Federated GraphQL is a mechanism that facilitates distributed GraphQL Services resolving Graph Nodes for a single Graph. It has a Central Gateway Node that analyses the GQL query & determines which GQL services satisfy the query. Clients send the query to the Gateway which follows scatter gather style pattern to orchestrate to service providers registered with it. At Walmart we went with the Apollo Framework for Federation GraphQL Gateway & Federated GraphQL services. The services are built using apollo-server apollo-gateway and fastify

Motivation

Domain Model Consistency

Our customer journey consists of pages that are powered by BFF (Backend for Frontend) orchestrators. The journey is categorised into multiple pages, with each page having its own orchestrator to service its client’s needs. These are REST based Orchestrators written in either Java or NodeJS. Most Orchestrator engines that came about were either dictated by Org structures or by Client teams needing custom view models. For instance the product information on a POV Carousel would be provided by the Personalisation Service talking to the Product Service. The search results on the search page is powered by another orchestrator that also talks to the Product service. There was no enforcement of common shared data models resulting in bespoke implementation for a product tile on each page. on the client.

Developer Ergonomics

We wanted Developers to have a consistent model to work with that is always upto date and easily available. In GraphQL, the schema with documented fields & types is the de-facto API contract. Additionally the GraphQL Playground allows developers to try out various queries before integration. Developing horizontal concerns such as adding item to wishlist today means touching various services that orchestrate with the Product Service to also add the favourited item into their model. With Federated GraphQL, the List team can extend the product schema and add the isFavourite functionality to the product schema thereby reducing the coordination required among teams.

Performance

Performance is first class concern for the Front End applications and the Orchestrators that power the Front end. With the Federation Model the Gateway is in the same WAN as the services so the network overhead with the gateway spawning off calls to services is between 20–40ms. It does not do any computationally heavy task and is mostly heavy on I/O. Additionally the gateway does its own network path optimisations by minimising the number of calls to a service P. So if N fields of the graph are satisfied by lets say the Product Service, there is only one call that is done to the Product Service. This works well in most cases, barring a special use case which is mentioned later in this post.

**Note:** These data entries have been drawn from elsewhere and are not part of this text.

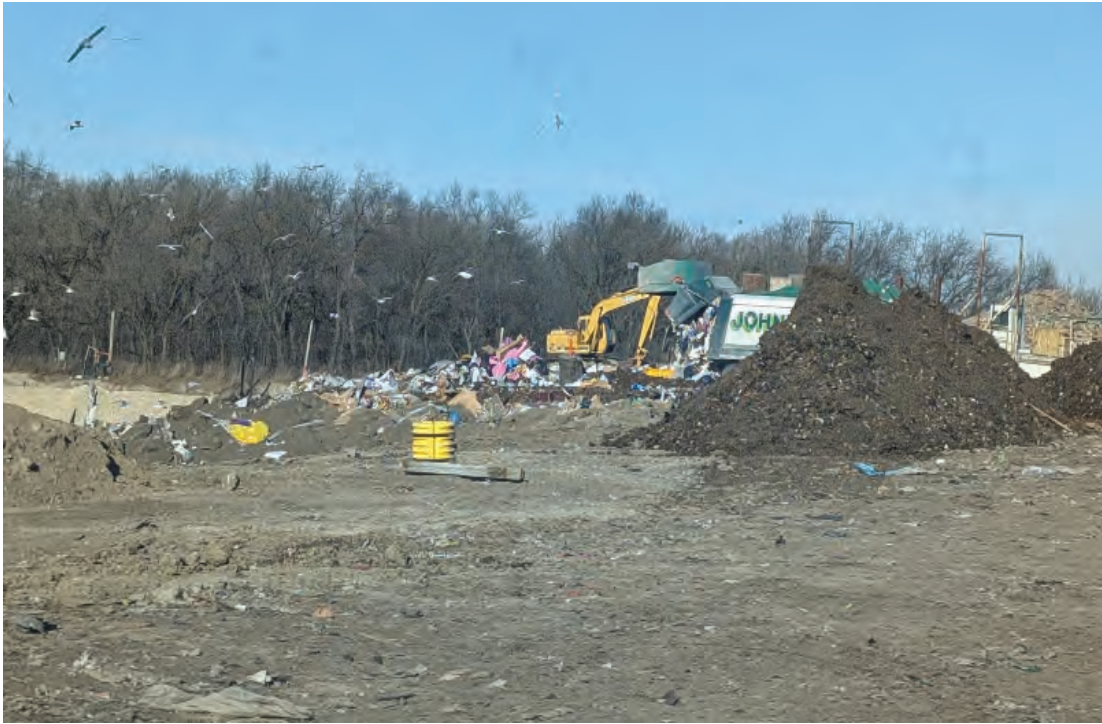
Working face in Northwest corner, deep fill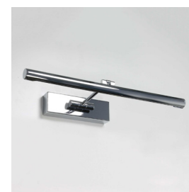
CODE: 1115010 FINISH: POLISHED CHROME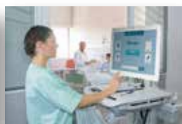
Daily Patient Management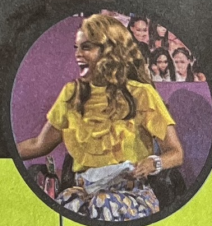
Great Performances: Merry Wives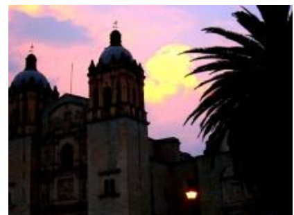
Welcome to Baja!

Welcome to Baja! Upon arrival you'll be met at the airport in San Jose del Cabo and driven to La Paz ( 2 1/2 hrs), where you will check into a lovely hotel. La Paz is the capital of Baja California Sur, built along the shores of the incomparable Sea of Cortez. Once one of the leading pearl diving centers in the world, La Paz is now a mecca for adventurers seeking to explore the incredible bounty of the Sea of Cortez, which is a UNESCO World Heritage site and home to 39% of the world's total number of marine mammal species, a third of the world's marine cetacean species, and 891 fish species.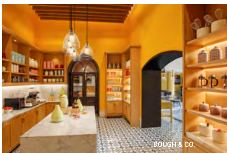
DOUGH & CO.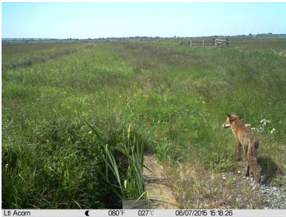
23. Train cam image of fox on drove on West Sedgemoor 07/06/2015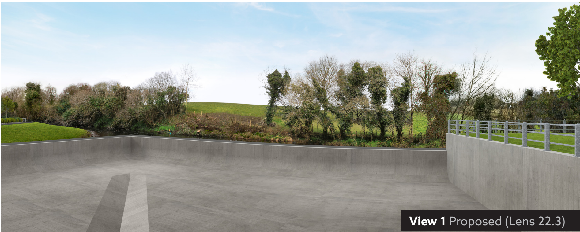
View 1 Proposed (Lens 22.3)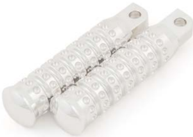
Ribbed Pegs, Polished 5-008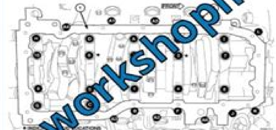
Fig. 41 Engine Tightening Sequence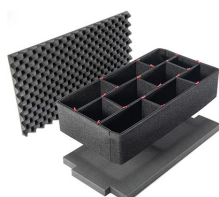
IM2950TPKIT TrekPak Case Divider Kit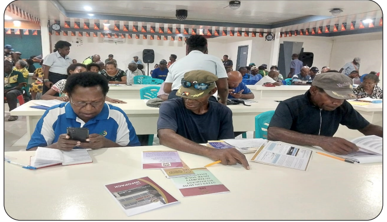
IPA doing one-on-one sessions on Online Registry System (ORS) with participants during the awareness in Vanimo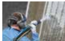
8.6 to 10 bar: Abrasive blasting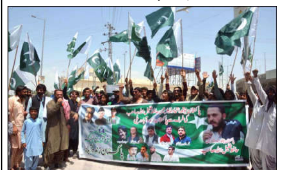
QUETTA: Balochistan Youth ittehad hold rally to mark independence day.

In addition to this, Ishaq Dar also inaugurated the Quetta solid waste management project along with the Chief Minister and Speaker National Assembly in Quetta.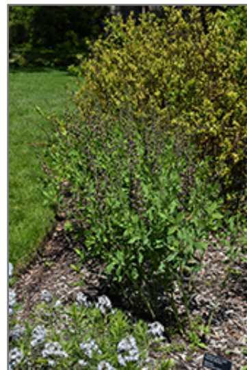
Chocolate Chip False Indigo in bloom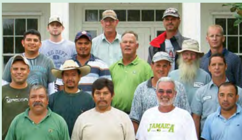
Coral Creek Club Maintenance Staff events.

Greens: 5A, avg. size 6,300 sq. ft.; TifEagle w/2A of Tifdwarf collars. HOC 0.80" (winter) to 0.97" (summer). No overseeding. Green-speed goal: 11–11.5 normal play, 12–13.5 special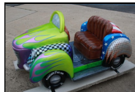
21. Terre Haute Prescription Shop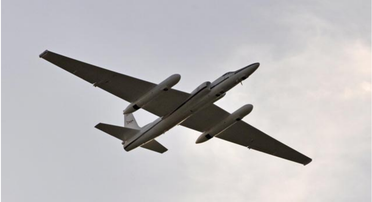
Figure 5: NASA's Earth Resources-2 (ER-2) Aircraft Carrying the AVIRIS Sensor.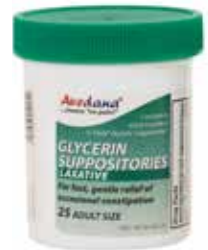
Laxative, Glycerin Suppository Item No. 1125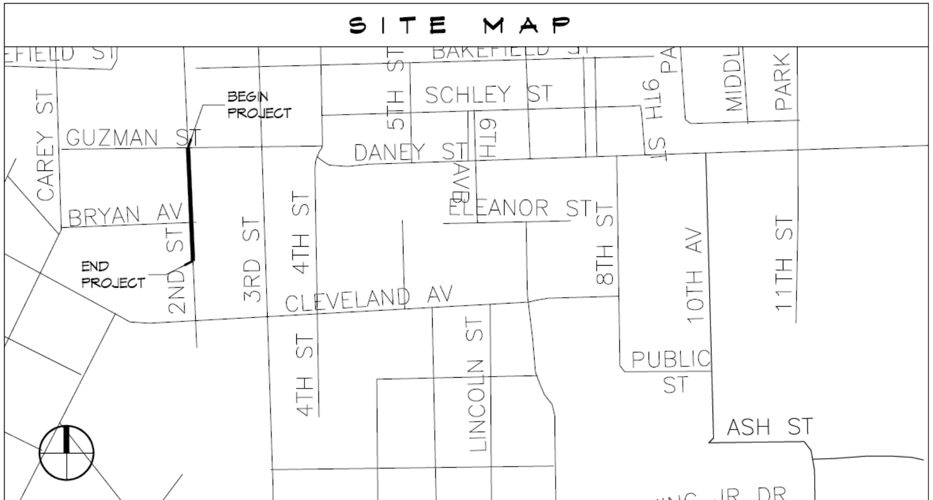
SITE MAP CDBG SIDEWALKS AND DRAINAGE IMPROVEMENTS ON 2ND STREET – PHASE II Project 5000-36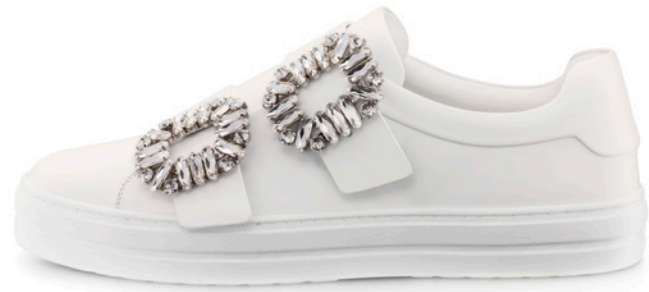
DOUBLE SNEAKY VIV'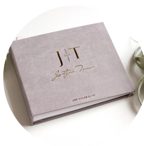
Photo Guest Book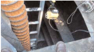
Ventilation hoses provide air and exhaust toxic vapors during confined space entry.

Confined spaces include, but are not limited to, tanks, vessels, silos, storage bins, hoppers, vaults, pits, man-holes, tunnels, equipment housings, ductwork, pipelines, etc.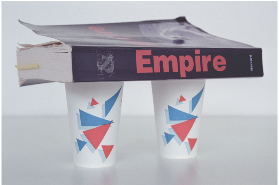
Sealand – Stealth Country (Empire).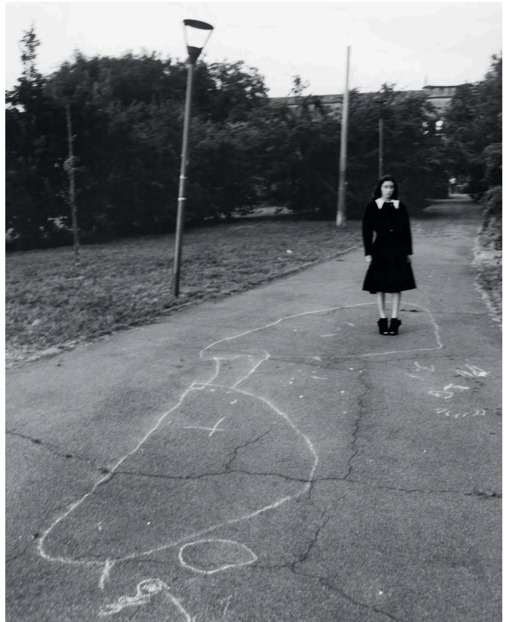
Anita is wearing a wool crepe coat with contrasting collar and suede boots by MIU MIU, Autumn/Winter 2011

Styling KATIE SHILLINGFORD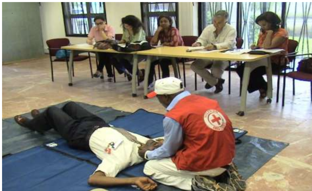
First Aid at Work Training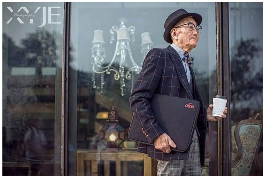
He looked like a successful person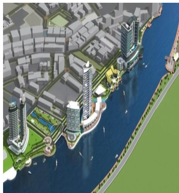
Fig 6: Kuching Riverfront

The main objective of this development proposal is to strengthen the commercial and recreational activities which reflects character, social, culture & identity of the place. The design considers visual character and quality of the place as a riverside marketplace.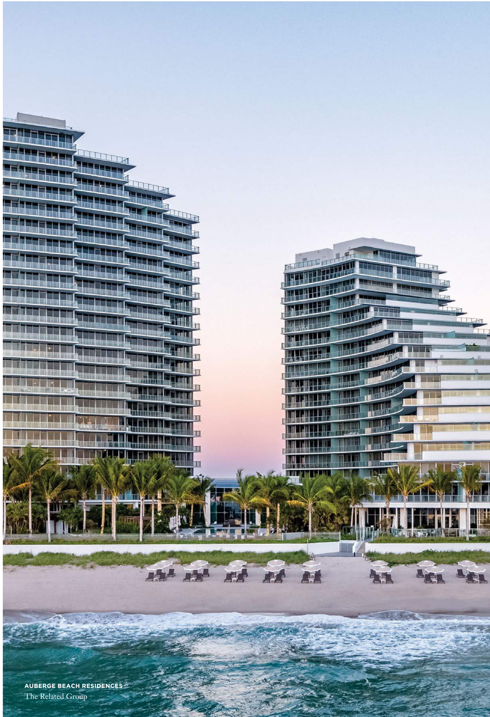
AUBERGE BEACH RESIDENCES The Related Group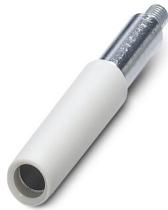
Female test connector, color: white

Please be informed that the data shown in this PDF document is generated from our Online Catalog. Please find the complete data in the user documentation. Our General Terms of Use for Downloads are valid.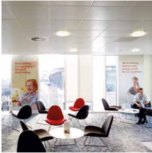
E.ON used a laminated vinyl wall covering to communicate a series of motivational messages in staff areas.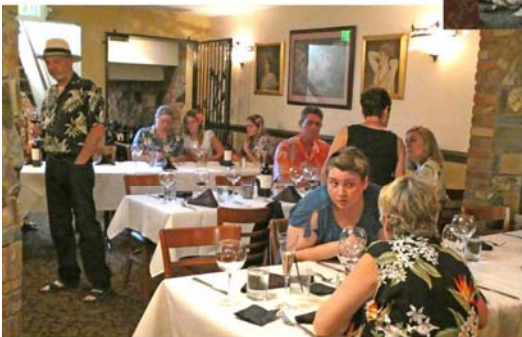
Lots of happy folks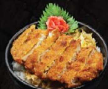
Chicken Katsu Don 110** チキンカツ丼

grilled chicken and garlic on top of rice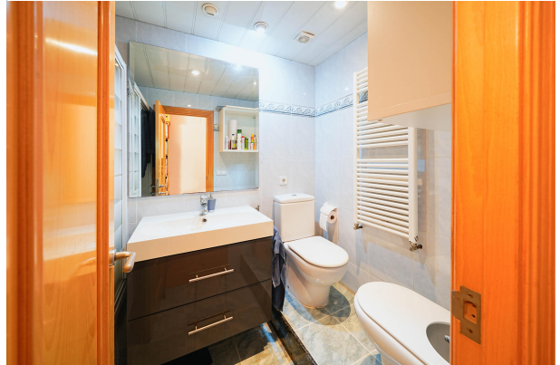
pis centre llavaneres (15 de 29)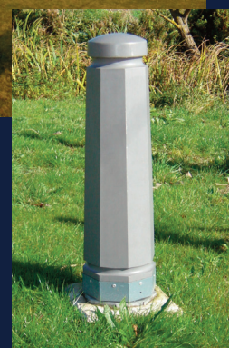
Bollard Housed Sensors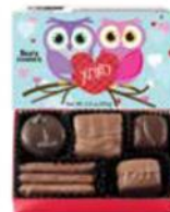
Mini Valentine's Owls Assortment A rich mix of See's bestsellers. 3.5 oz $11.00 #507963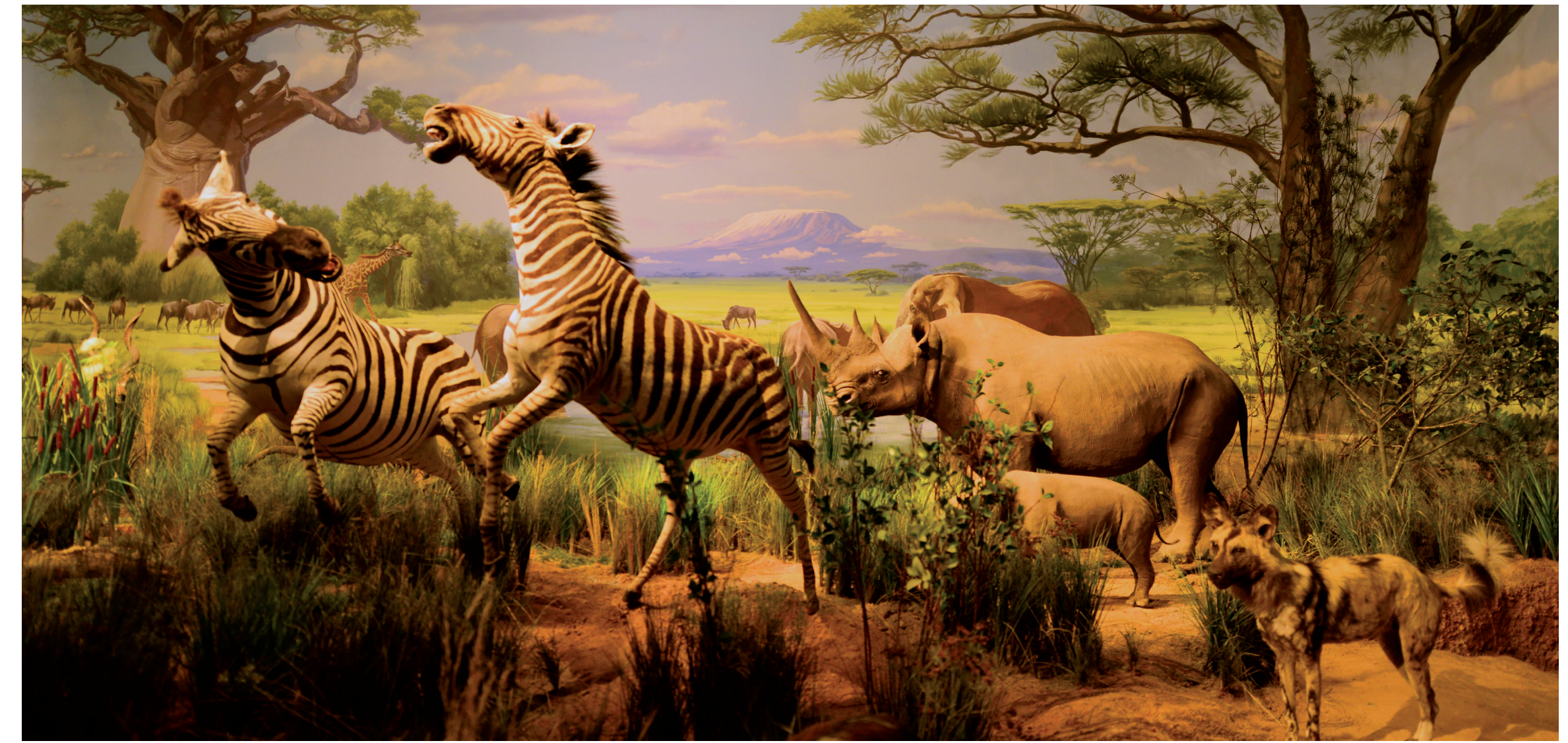
The big migration in Africa.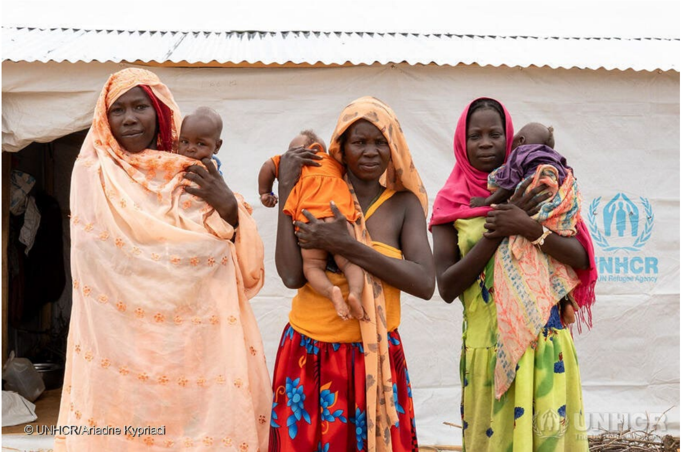
These three refugee women were friends back home in their village of Kanga in Sudan. They now live in the Arkoum refugee camp, in Ouaddai province, Chad.

Measuring Success against Goals

Given that we were moving to a completely new platform, it was important to ensure that the decisions we made were measurable with data and we could improve it going forward. Some of the measures of Success we put in were the following

Client Payload size reduction — we found around 60% improvement in payload sizes for the same functionality
Number overlapping calls to the same domain service — 100% improvement as all calls went via a single service or the gateway
Reusability of domain entities from FE & BE — 100% schemas were extended for additional functionality. Additionally GQL ensures that there is only one resolver a type.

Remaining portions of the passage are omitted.